コールに出るやいなや、頭の中に響き渡る声。
――分かってる。それに、もう遅い。既に囲まれてる
――なっ!? ――
一瞬の間。
――俺も直ぐに行く! それまで耐えろ!
――それより警察に通報してくれ。GPSデーターがウィンドウに表示されてるだろ。早く!
――分かった! けど、必ず俺も行く!
閉じられるウィンドウ。希望は繋がった。
――分かってると思うけど、絶対に手を出しちゃダメ
頭に響く愛の声。その冷静な声に、僅かな安堵を覚える。
――ああ、分かってる。千葉から連絡が有った。警察に通報するように伝えてある
――私も今コールしてる。会話はする余裕はないけど、繋ぎっぱなしにしておけば彼等は直ぐにでも来る。
だから、彰人はあいつ等の暴力が始まるまでの時間を成るべく引き伸ばして。それと、この前みたいに私を庇ってくれなくていい。

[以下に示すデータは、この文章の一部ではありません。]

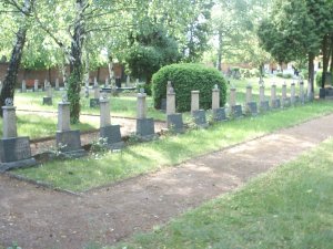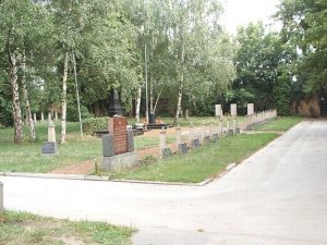 část textu na jednom pomníčku nečitelná, mezi pohřbenými je i jedna žena a sedumnáctiletý voják, na pohřebišti je 56 typově stejných pomníků

こんな作り物の身体より、自分の身体を大事にしてほしい。私の身体は壊れても直ぐに修理できる
――分かった……
短く答え、あまり余計な事を考えないようにする。そうすることで愛に自分の思考が漏れるのを防ごうとした。
彼女は自分の身体を作り物と言った。けど、自分にはだからと言って傷ついて良いなどとは思えない。
自分の身体を傷つけられる悍ましい痛みは、物理的に傷が完治しようと心に深く突き刺さり離れない。
自分にはそれが良く分る。愛にそんな思いはさせたくない。